EXERCISE AIM: Among the records below, find the line with "3. Klicken Sie" and the line with "Truck Rear Window". Set down both and every line between, exactly and with no pictures, but nothing else.

Items from a dataset:
- Opening Delimiter -
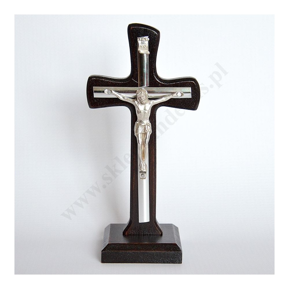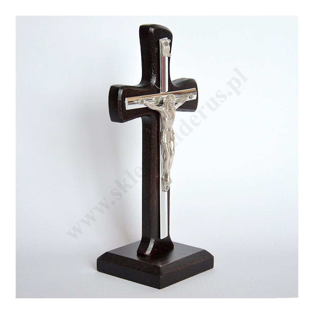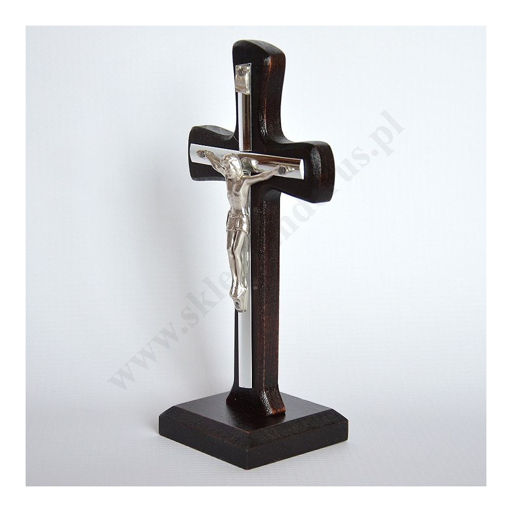 Drewniany krzyżyk stojący z metalową wstawką oraz z metalowym korpusem Pana Jezusa. Wysokość krzyżyka 17.5 cm, szerokość 8.4 cm.
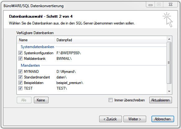 3. Klicken Sie auf <Weiter>, um die Datenbanken in die SQL Datenbanken zu übernehmen.
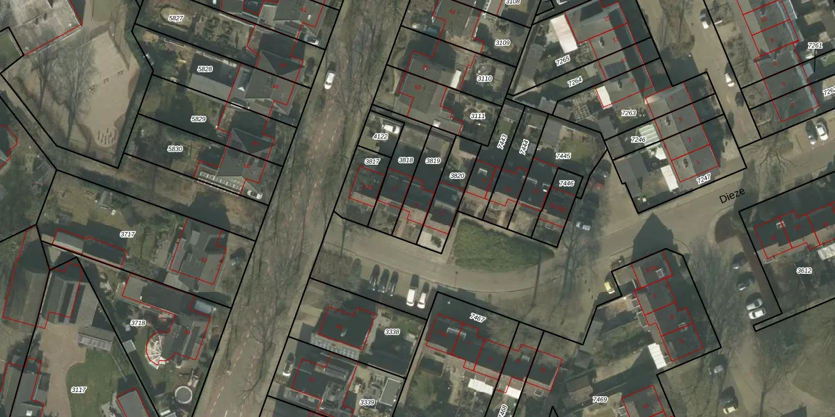 Het perceel waarop Dieze 5 staat heeft een oppervlakte van 175 m². Dit is een middelgroot perceel. De perceeloppervlakte wordt geregistreerd door het Kadaster. Gedetailleerde informatie over de maten van dit perceel kunt u vinden in het rapport Kadastrale kaart met maatvoering van Dieze 5.
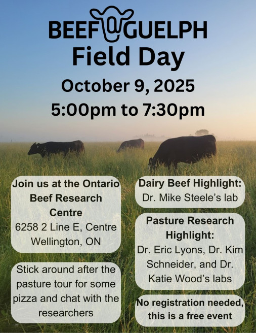Join us on October 9th, 2025, at the Ontario Beef Research Centre for a Beef@Guelph Field Day!
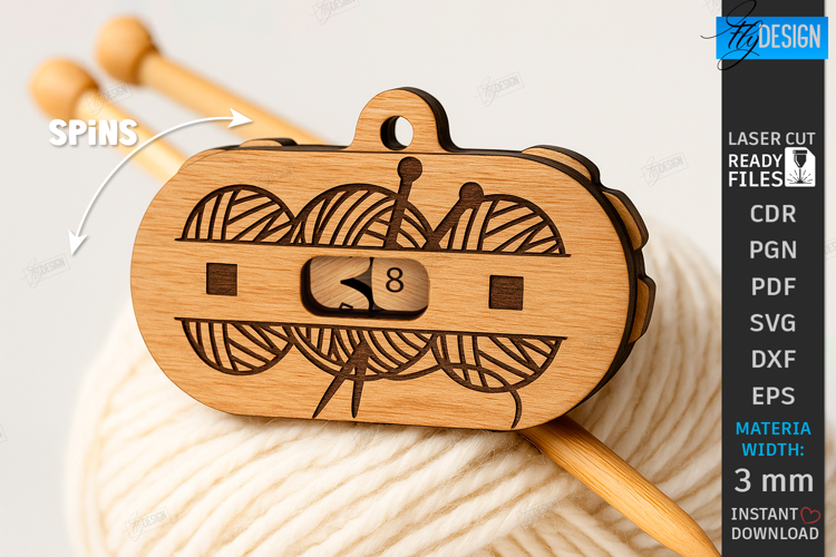Engraved Floral Design Craft Tool Knitting Gift Xtool Functional Decor Knitting Row Counter Laser Cut Knitting Accessory Wooden Knitting Tool Hobby Svf
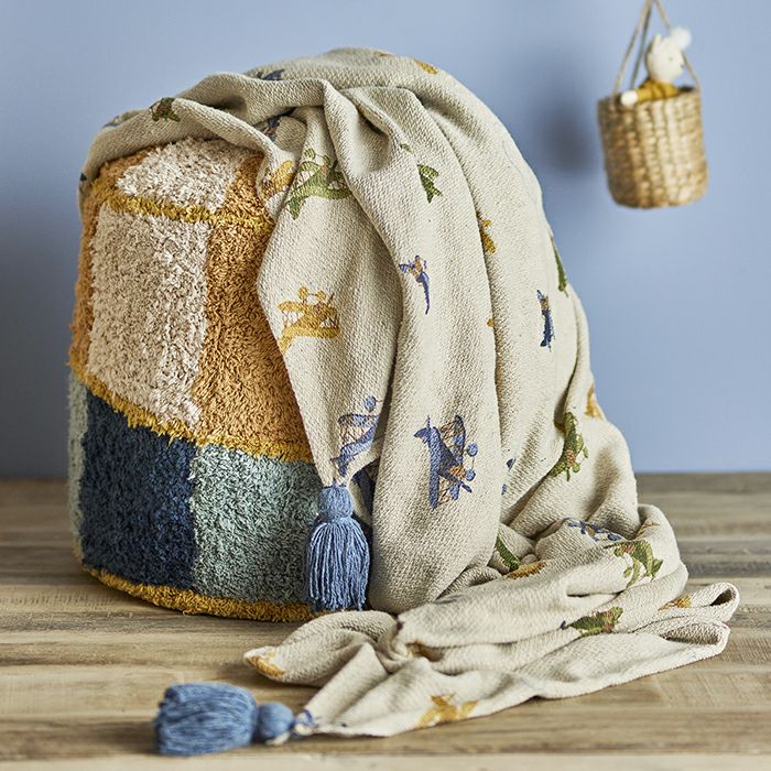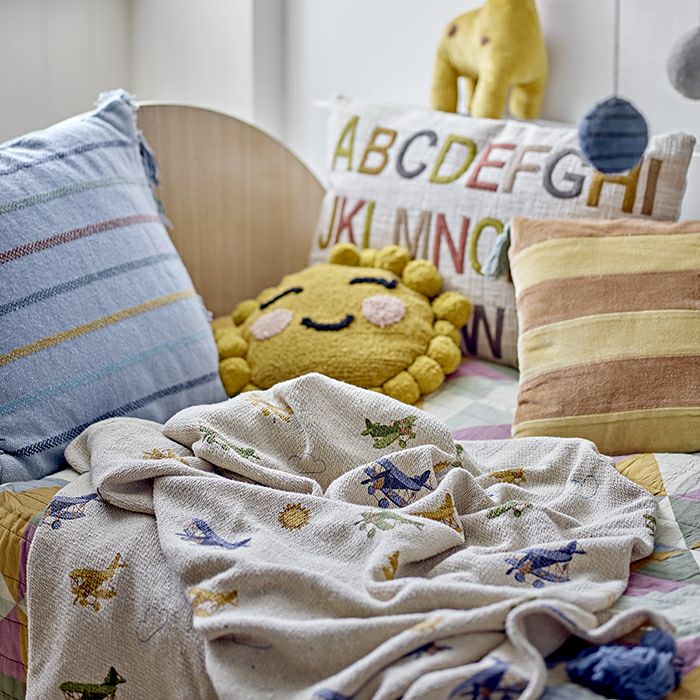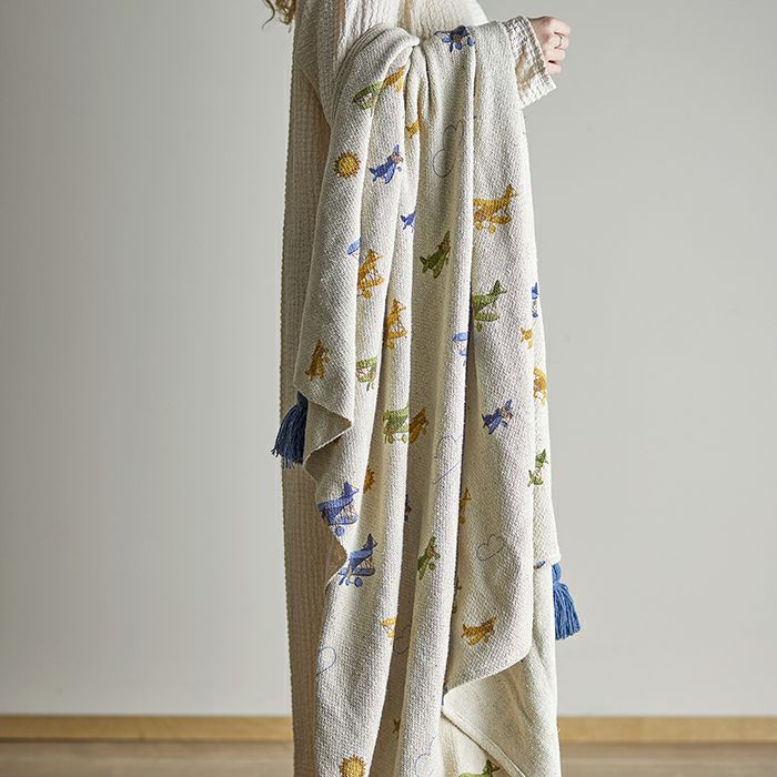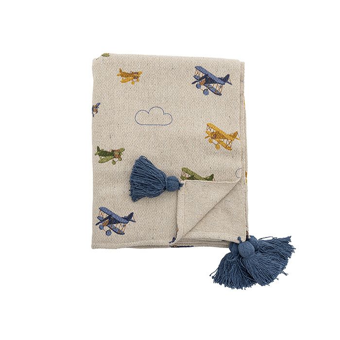 飛行機や雲のモチーフがあしらわれたブランケット。
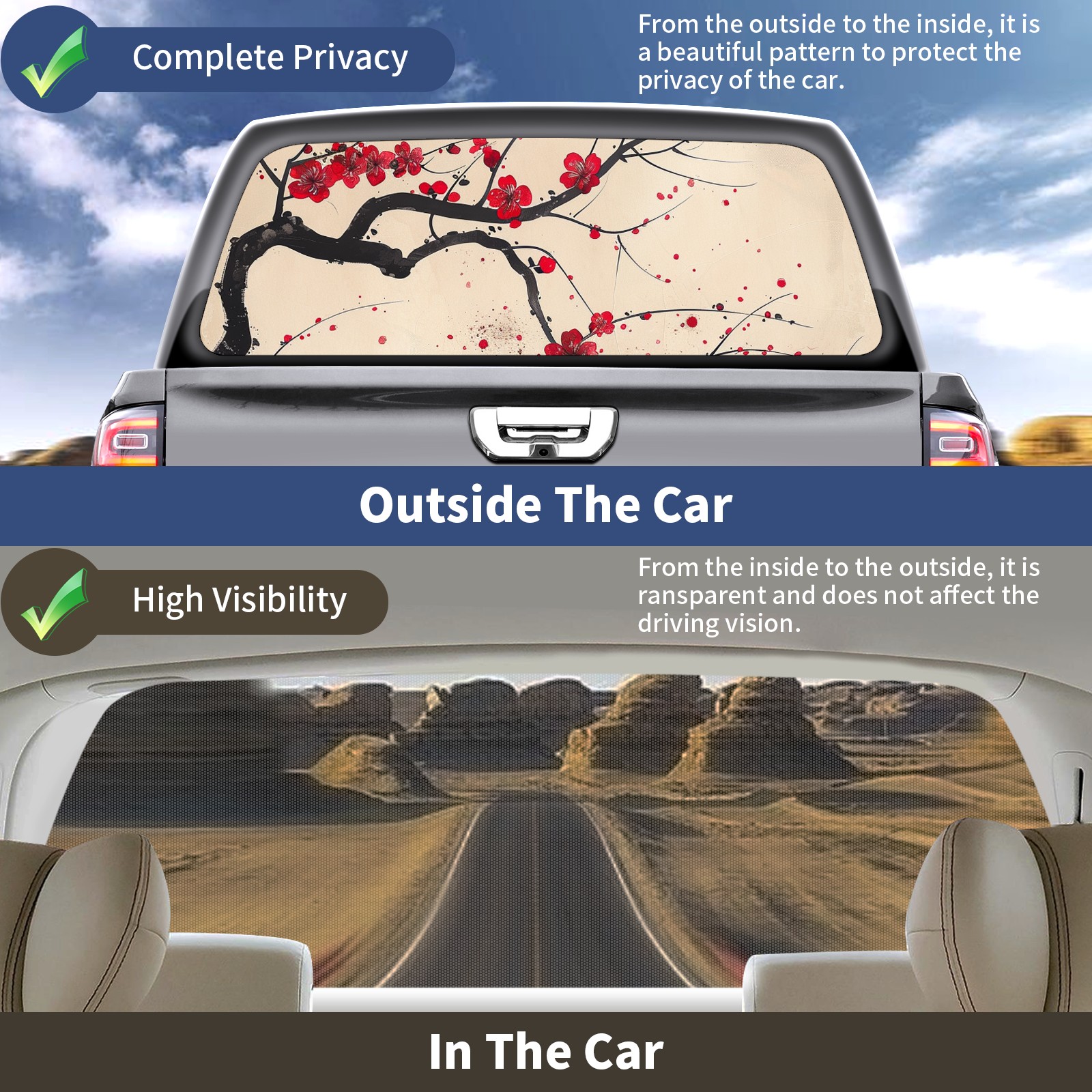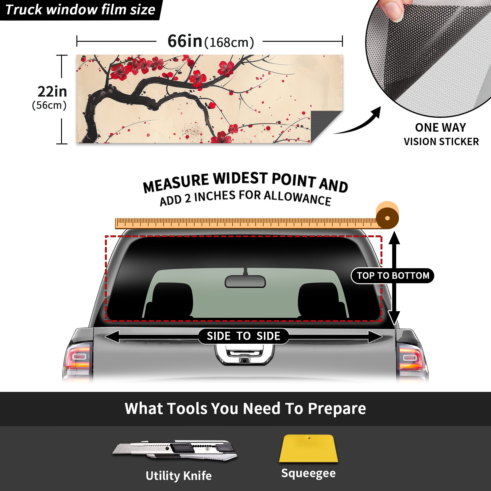 Truck Rear Window Graphics Decals Pickup Trucks Back Window Sticker Full Window Film Decal One Way Visual Waterproof Car Rear Tint Red Plum
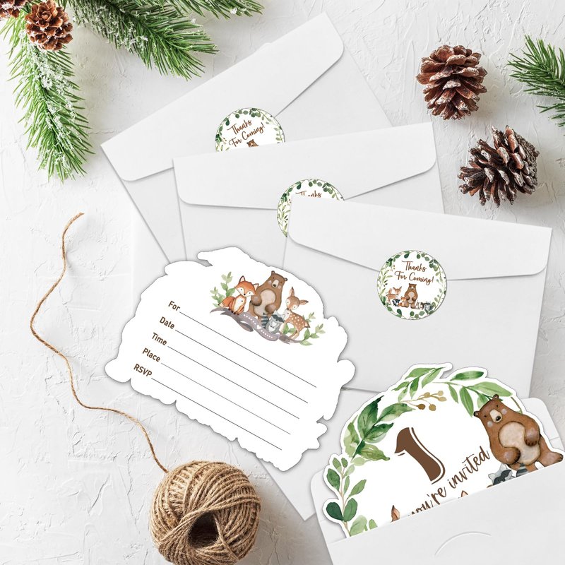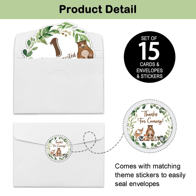 - Birthday Party Invitation Sets: There are 15 woodland animals 1st birthday theme shaped invitation cards, 15 premium white envelopes and 15 matching envelope seal stickers in this package. These beautiful invitations will make your party the talk of town and make the guests excited to come and participate.
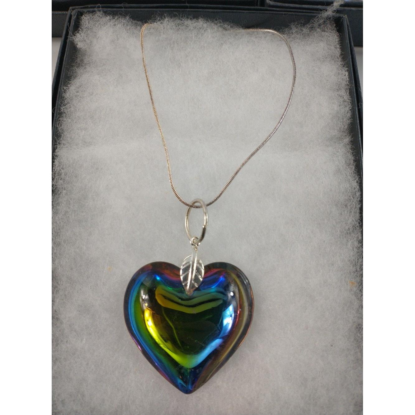 Selection of COSTUME JEWELLERY. 1 clear bead necklace (50cm approx.) complete with earrings. One for your Valentine - white metal necklace with a large heart (approx. 5cm). 1 necklace with faux pearls and purple stones approx. 50cm
- Closing Delimiter -
ANSWER FOR THE TASK:
 3. Klicken Sie auf <Weiter>, um die Datenbanken in die SQL Datenbanken zu übernehmen.
 Het perceel waarop Dieze 5 staat heeft een oppervlakte van 175 m². Dit is een middelgroot perceel. De perceeloppervlakte wordt geregistreerd door het Kadaster. Gedetailleerde informatie over de maten van dit perceel kunt u vinden in het rapport Kadastrale kaart met maatvoering van Dieze 5.
Join us on October 9th, 2025, at the Ontario Beef Research Centre for a Beef@Guelph Field Day!
Engraved Floral Design Craft Tool Knitting Gift Xtool Functional Decor Knitting Row Counter Laser Cut Knitting Accessory Wooden Knitting Tool Hobby Svf
 飛行機や雲のモチーフがあしらわれたブランケット。
 Truck Rear Window Graphics Decals Pickup Trucks Back Window Sticker Full Window Film Decal One Way Visual Waterproof Car Rear Tint Red Plum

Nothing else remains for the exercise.